Immerse in 20-fold diluted antiformin containing 3 minutes (1 minute of which is ultrasonic cleaning). After this, rinse anti-formin 3 times with sterile water.
【0015】根を持たない苗条の再生 (培地及び植物ホルモン)一部改変したWPM培地(第
1表)を1/2に希釈し、これにショ糖3%を添加し
た。この培地にサイトカイニン系植物ホルモンとして2
iP2mg/lとオーキシン系植物ホルモンとしてIAA0.
1mg/l を加え、pH5.4 に調整した。

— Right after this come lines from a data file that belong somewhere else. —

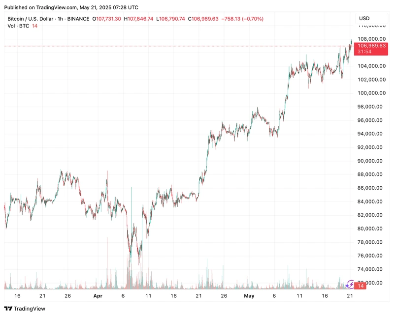 Bitcoin steg nylig til en ny høyde på rundt 108 000 dollar per 21. mai 2025, noe som markerer et viktig øyeblikk i den pågående oppgangen. I motsetning til skarpe, uforutsigbare topper, gjenspeiler denne økningen en velorganisert og jevn oppadgående bevegelse drevet av ekte markedsstyrke.
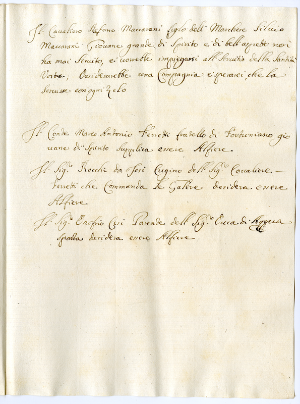 Nota dei Cavalieri ed altri che desiderano impiegarsi come umili fedeli sudditi al servizio della Santità di Clemente XI (1700-1721)
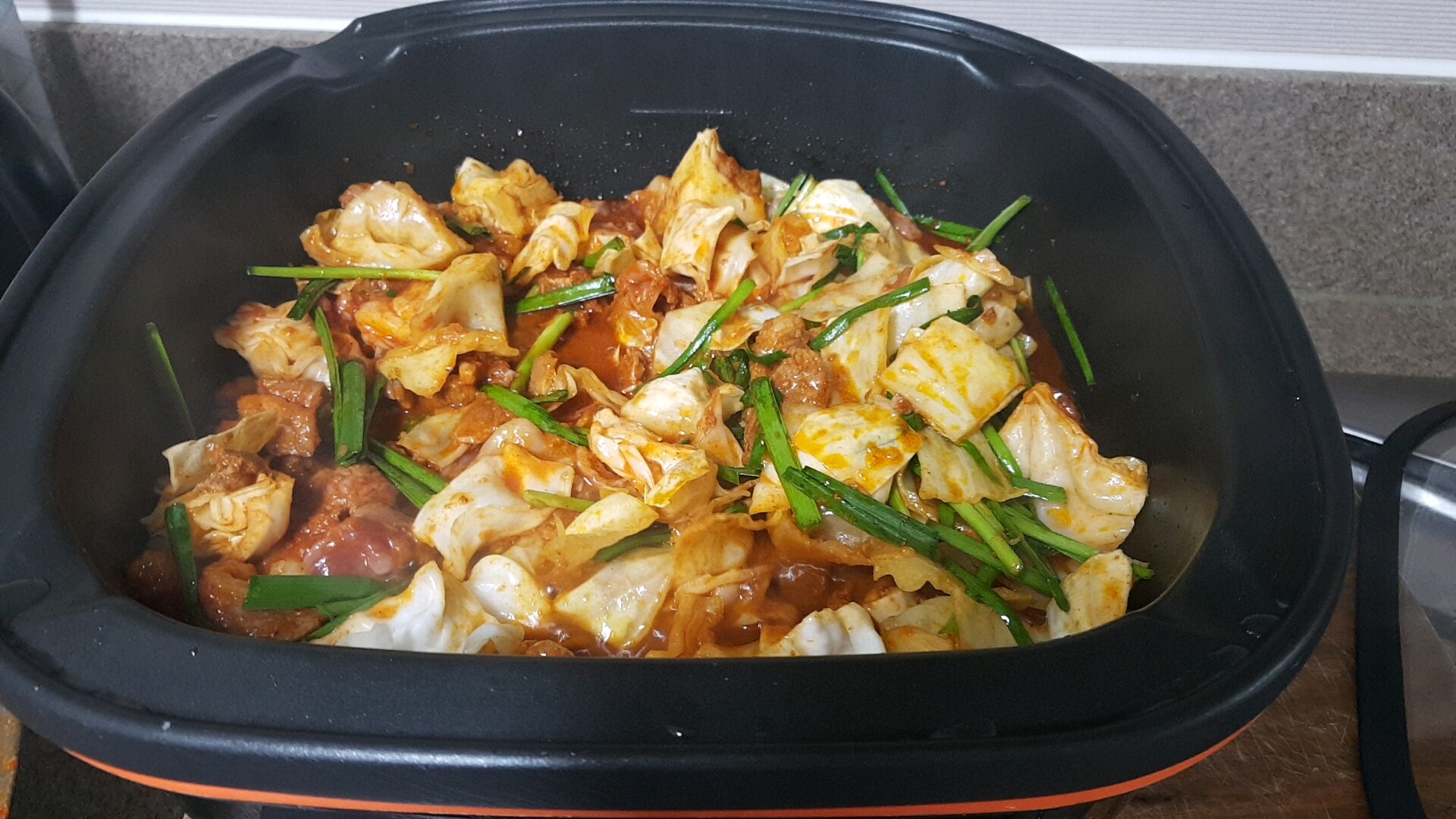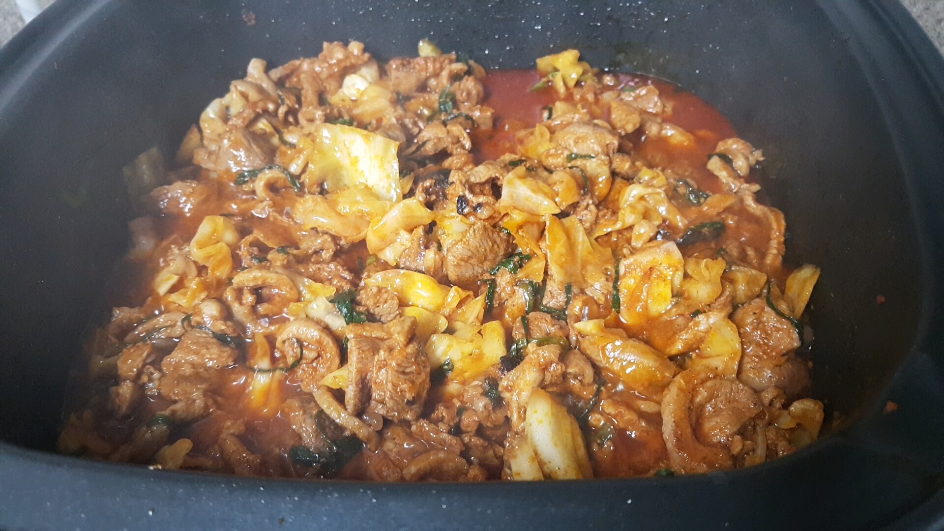 저는 보통 20분 뒤에 양념고기를 꺼내어 구워요. 20분동안 부추 씻어서 썰어놓고, 양배추 썰어놓고 있어요. 그리고 달궈진 팬에 양념고기를 넣고 그 위에 썰어놓은 양배추와 부추를 올려요. 그리고 오리불고기가 자글자글 구워지면 뒤집어서 볶아줍니다.

この培地を100ml 容
量のガラス製三角フラスコ(底面積:約20cm2 )に40ml
ずつ分注し、さらに寒天0.7 %を加えオートクレーブに
よって滅菌した(121 ℃、1.2kg/cm2、15分間)。 Regeneration of shoots without roots (medium and plant hormones) A partially modified WPM medium (Table 1) was diluted to 1/2 and sucrose 3% was added thereto. 2 in this medium as cytokinin type plant hormone
iP2 mg / l and IAA0.
The pH was adjusted to 5.4 by adding 1 mg / l. 40 ml of this medium is put into a 100 ml glass Erlenmeyer flask (bottom area: about 20 cm 2 ).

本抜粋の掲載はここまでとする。